(TASK DATA)
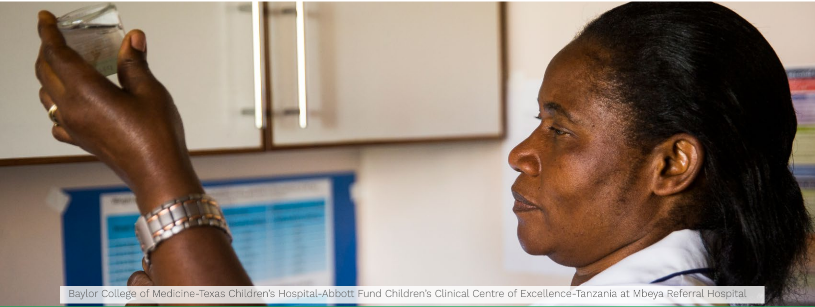
Baylor College of Medicine-Texas Children's Hospital-Abbott Fund Children's Clinical Centre of Excellence-Tanzania at Mbeya Referral Hospital

Baylor-Tanzania offers a comprehensive array of preventive services for HIV, TB, malnutrition, and common childhood and adolescent illnesses.
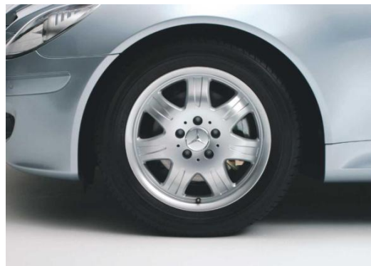
SLK 200K Standard Alloys
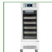
Blood Bank 360 Pack with Glass Door

Capacity: 110 Packs 1200mm H x 520mm W x 605mm D Product Code: FPD-09666
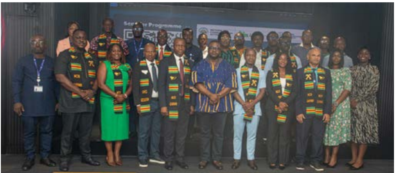
A group picture of participants at the meeting

The high-level engagement was focused on deepening collaboration, aligning implementation strategies, and addressing technical and operational considerations required to operationalise seamless roaming services across the three countries. It was expected to culminate in the signing of MoUs on the final day of the meeting, marking a significant milestone towards reducing roaming costs and enhancing cross-border connectivity.
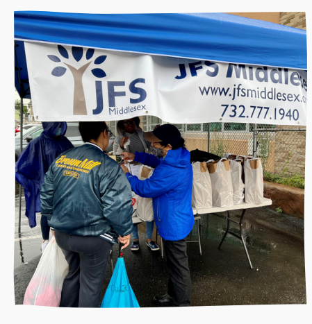
Community Outreach- food distribution to families in need
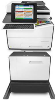
MFP; single cabinet/stand (G1W44A)
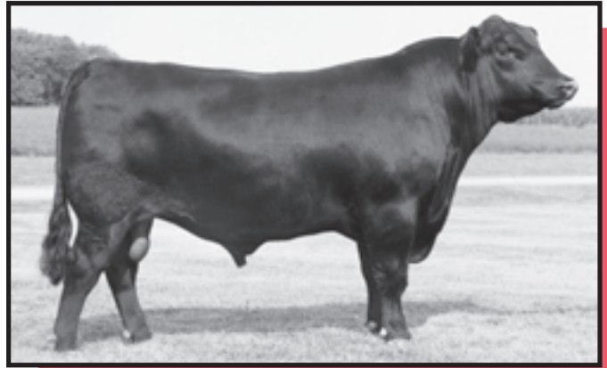
Bon View New Design 878 - Reference

Her proven curve bender sire transmits muscle and powerful phenotype, good udders and excellent maternal performance. Bred natural service to Rising Hill New Frontier 6448 on 12/12/09. Pasture exposed to BC Objective T54.

(WHAT YOU ARE ASKED TO DO)
Within the entries above, find the string "Baylor" and return each line that holds it.

(COMPLETED TASK)
Baylor College of Medicine-Texas Children's Hospital-Abbott Fund Children's Clinical Centre of Excellence-Tanzania at Mbeya Referral Hospital
Baylor-Tanzania offers a comprehensive array of preventive services for HIV, TB, malnutrition, and common childhood and adolescent illnesses.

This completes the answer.